Apple filed an opening brief on December 22, but six days later it filed a notice of correction. But the court formally rejected both the original brief and the corrected brief yesterday (December 29) and set a new January 12, 2012 deadline for Apple's (second) corrected brief.
I haven't seen a new scheduling order, but since the new deadline for Apple's opening brief is three days after the original deadline for Samsung's response to that one, there must be a delay of (presumably) two or three weeks.
It's totally unclear why the CAFC ordered this do-over. I can just see that those filings occurred, and I can see headlines and sometimes summaries. But none of the publicly available information indicates what was wrong with Apple's first corrected brief. I'm sure the court instructed Apple, so the second corrected brief should be fine, in all likelihood.
In principle, CAFC proceedings are public. For example, Apple filed both a confidential and a redacted non-confidential version of its brief with the court (which just doesn't share it with the public for the time being). In recent months I was quite lucky that different sources (sometimes anonymous ones and sometimes known ones that I protect) provided me with court orders and filings, some of which were good for Apple and some of which were not. I'm always grateful for any such information and encourage those directly or indirectly involved with this CAFC process (or with the CAFC process concerning the Lindholm email, a key piece of evidence in Oracle v. Google) to support my research by sharing relevant, non-confidential (but hard-to-obtain) documents with me.

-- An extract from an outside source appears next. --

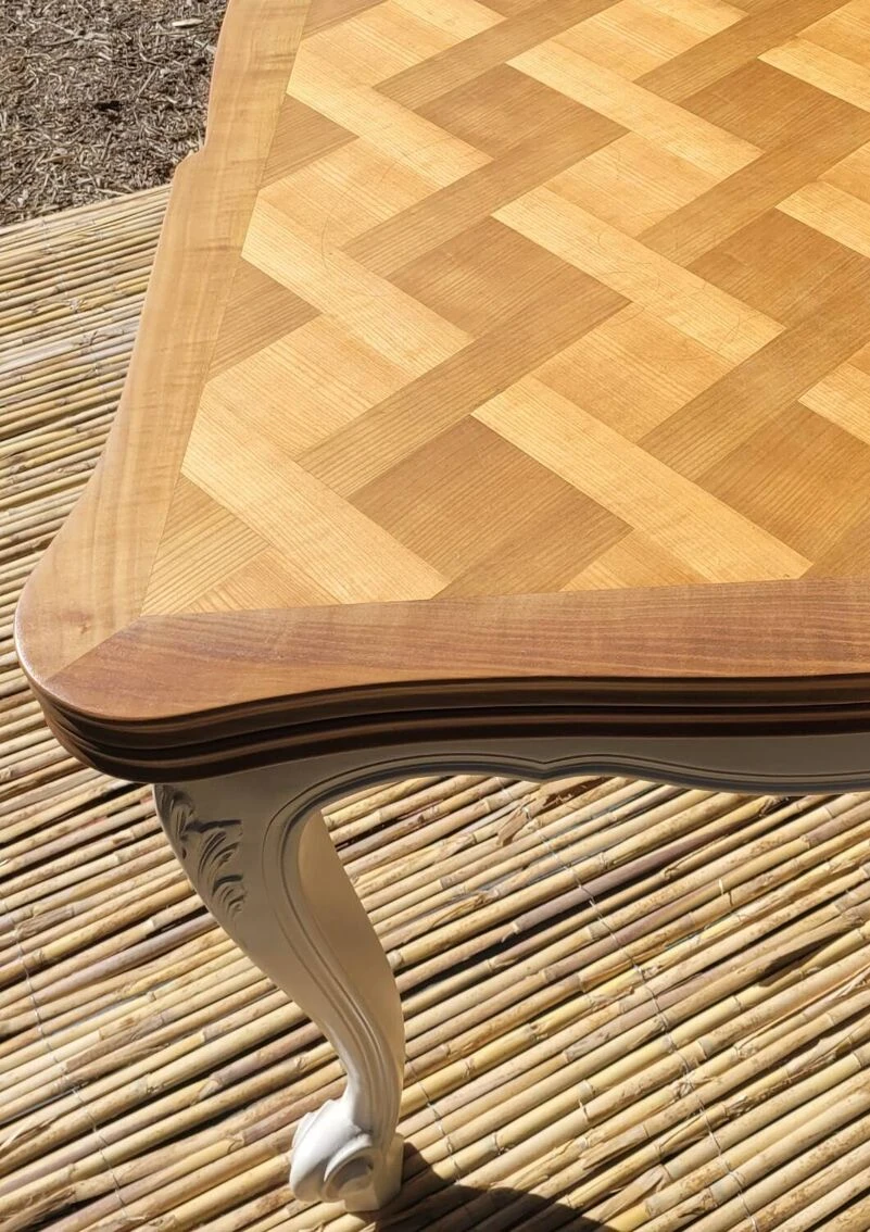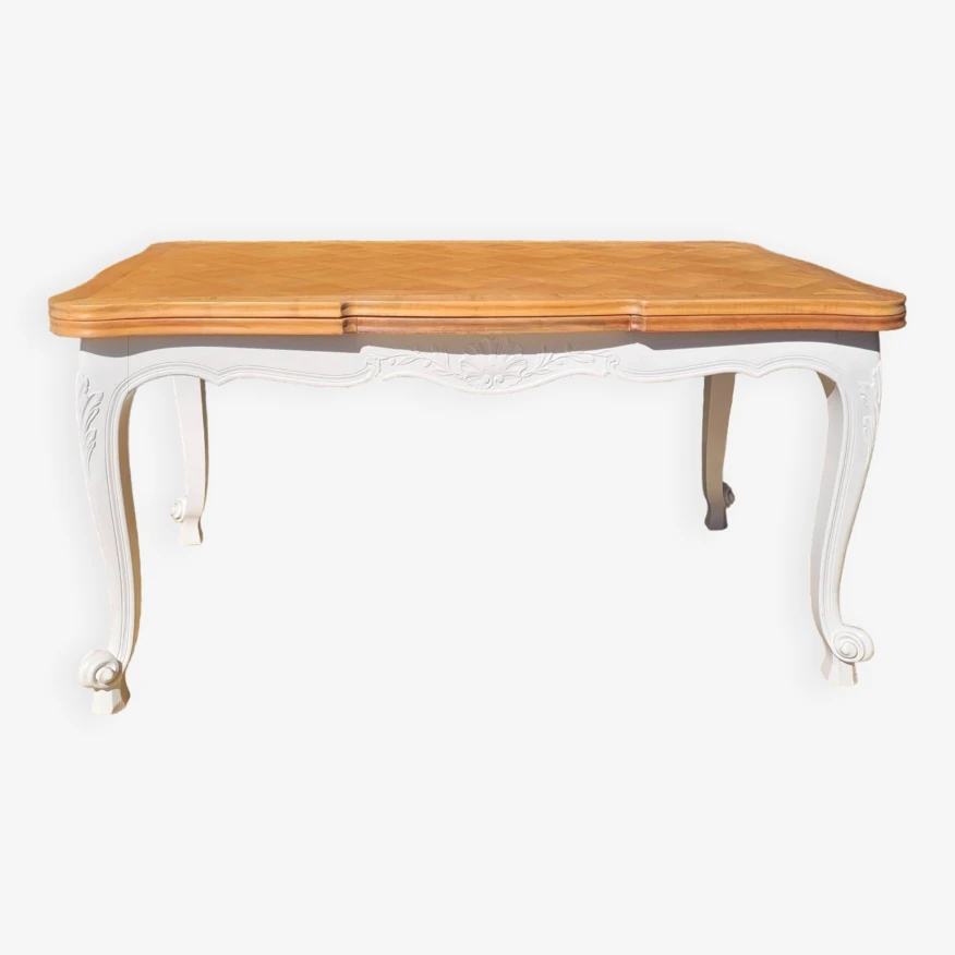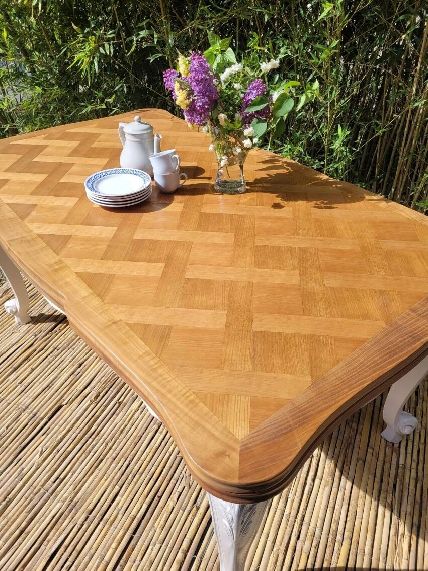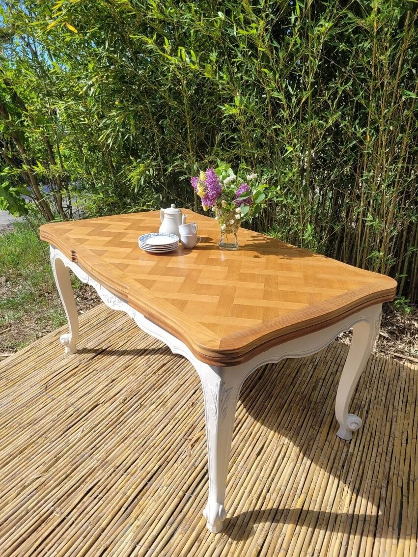 Large Provençal dining table with its 2 extensions, recently renovated. It measures 159cm long and up to 267cm with its 54cm extensions to accommodate lots of people at the table. 📐dimensions: H 78cm. L 159.5cm. L 94.5cm. Light scratches on the board. If you have any questions do not hesitate to write to me. See you soon, Julie.

My opinion on Apple's CAFC appeal is the one I outlined in a previous post. In my view, Judge Lucy Koh of the United States District Court for the Northern District of California did a great job narrowing the scope of protection of Apple's design patents. It appears that the German courts are now also starting to think along those lines. At the same time, I was not at all impressed with Judge Koh's analysis of the harm the parties would suffer from an injunction or continued infringement. I think it's likely that the CAFC will overrule some of her related reasoning because it would set the bar for injunctive relief in this kind of industry far too high, almost impossibly high. Her analysis of the equitable factors also showed a lack of understanding of the relevant markets and their dynamics.
This CAFC process could have major impact not only on Apple v. Samsung but on the industry at large. I'll keep following it to the extent that I have access to information.